Price distortions caused by FMD and BSE no longer disrupting EU market
Morale resilient among Continental producers
Sharp price falls in several of the major EU pig markets during the past month seem not to have badly dented producer confidence on the continent.
That's in sharp contrast to the gloom familiar in the UK and now apparent in Ireland.
Most analysts in the mainstream of continental industry opinion still reckon only a gentle decline is likely over the next year.
One explanation for resilient morale is the high level from which the prices dropped. Even after the mid August shakeout, processors in nearly all states were having to pay at least 10% more than a year earlier, and in several countries farmgate returns remained 20% above those of summer 2000.
In other words, the previous prices had been generally regarded as unsustainable, so the downturn could be interpreted as merely a predictable and necessary correction bringing the market back to something like reality.
Moreover, because the correction was expected as the market's assertion of economic rationality, it conferred on the post-shakeout prices the status of authoritative leading indicators, in effect promising traders there would be no nasty surprises now that legitimate value in terms of available supply and demand had been re-established.
This supposedly means the price distortions caused since last autumn by BSE and FMD (and by swine fever in Spain) no longer afflict the EU pigmeat market severely, and for the next year or so prices will move modestly in response to influences such as the likely slight increase in production and the probable deterioration in export competitiveness as the US dollar weakens.

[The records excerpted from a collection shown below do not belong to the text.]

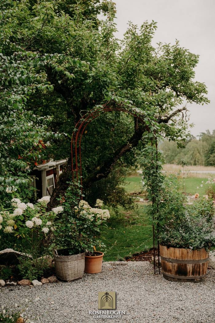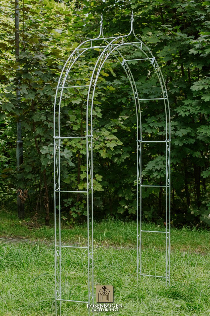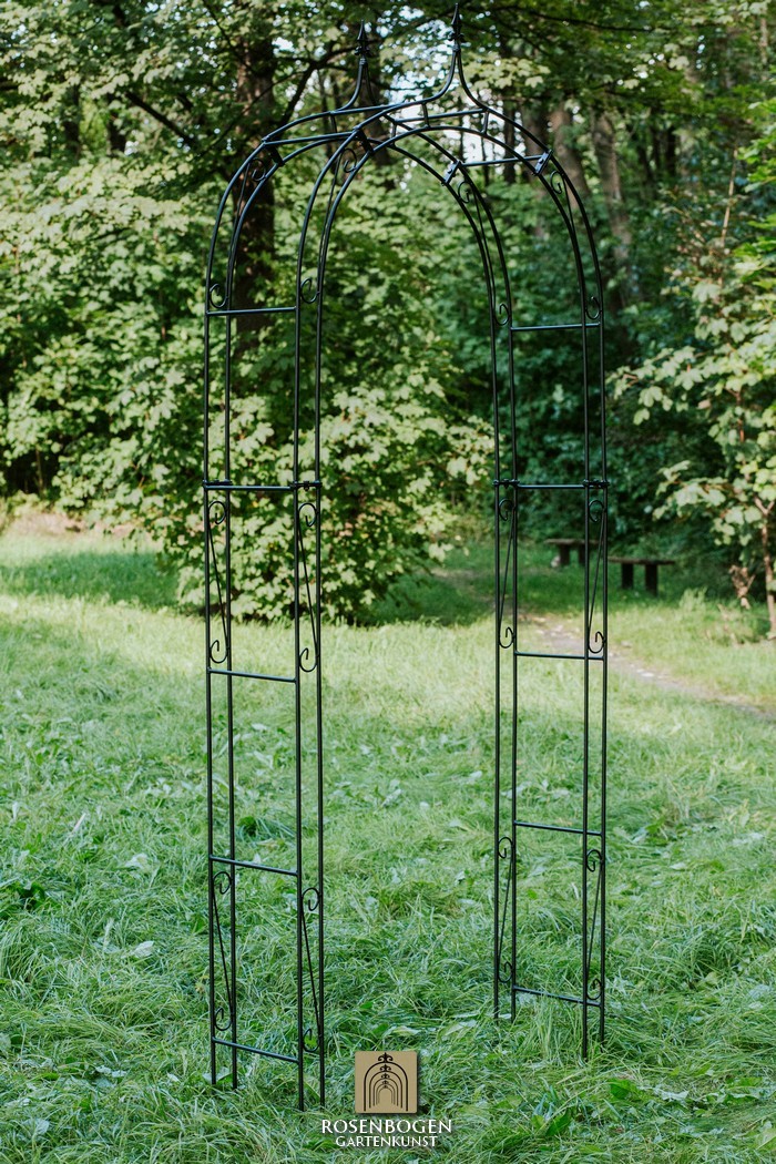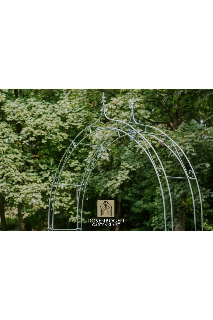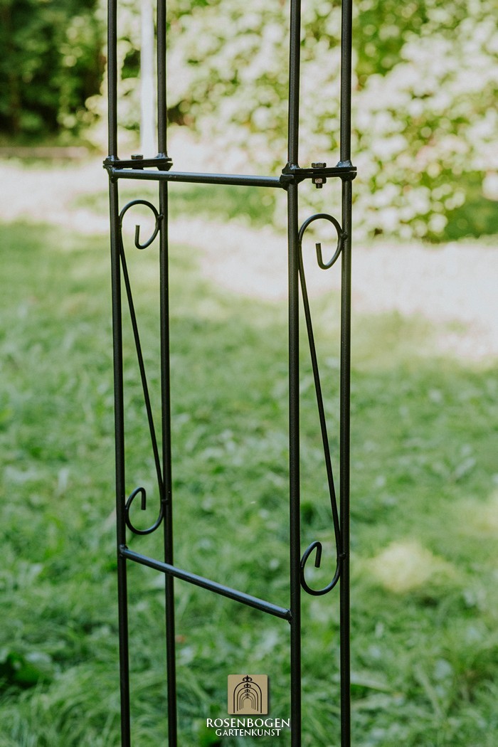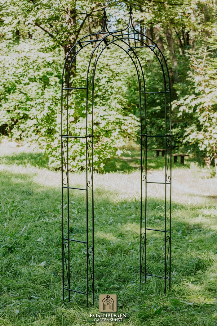 The Garden arch LENA, made of solid iron, gives front gardens a beautiful appearance. We offer the Garden arch in a rust look and in galvanised and black versions. This beautiful and sturdy garden arch made of high-quality metal is the perfect climbing aid for all climbing plants such as roses and other climbing flowers. The height of the garden arch is sufficient for everyone and has been handcrafted in true style. The bold ornamentation and stylish design guarantee many design options. Placed free-standing, the garden arch provides a stable place for both ornamental plants and useful plants such as grapes. It also serves as a very decorative garden element without plants and can be used wonderfully as a statue
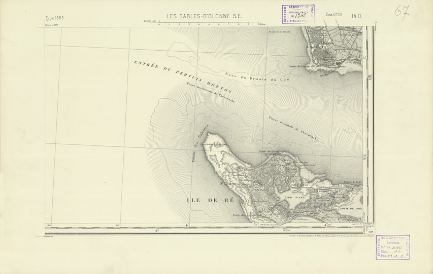 "Paris. Service Géographique de l'Armée, 1889. Ebbe origine dall'Edizione zincografica in quarti di foglio, stabilita dal 1879, per la carta detta de "L'Etat-Major". Infatti non rispondono più il sistema della riproduzione zincografica alle esigenze che la revisione dei fogli imponeva, per un inevitabile logoramento dei rami originali, fu proposta dapprima la correzione degli zinchi, ma questo, importando un lavoro lungo e gravoso, si adottò il procedimento galvanico. I rami galvanici ottenuti e corretti secondo questo sistema presero il nome di "édition type 1889". Allo scopo di facilitare l'incisione fu adoperata la suddivisione in quarti di foglio come per l'edizione zincografica. La revisione dei fogli di questo tipo non fu iniziata che nel 1893. Dal catalogo del S.G.A. risultano mancanti a questa edizione i dipartimenti della "Moselle", del "Bas-Rhin" e del "Haut-Rhin" per i quali non esiste che una edizione in fogli interi aggiornata nel 1901."
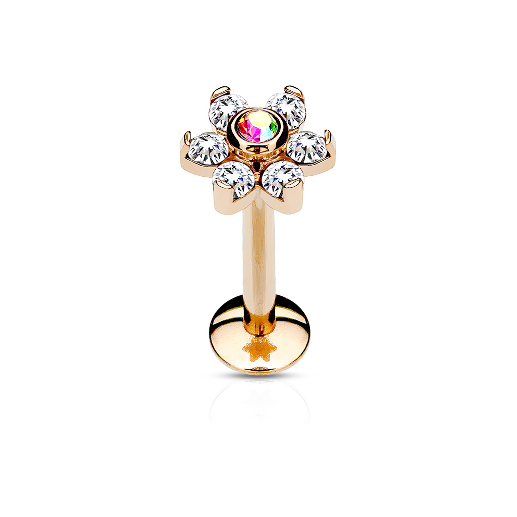 Labret auskaras su gėlyte ir vidiniu sriegiu-Rožinio aukso-Poliarinės pašvaistės

Yet still it is possible to detect hints of trouble, one illustrated by the chart showing pig prices in the UK and in the other EU markets of most relevance to the trade here.
Why is the UK price now significantly below the EU average, instead of at its usual premium? This is especially odd as production here has dropped sharply.
The three weakest markets for pigs are in the UK, Ireland and the Netherlands, and these are also the poorest performers in terms of slaughterings.
On the face of it the supply/price relationship is perverse, implying either that the other major markets are still overvalued, or the UK, Irish and Dutch prices must bounce.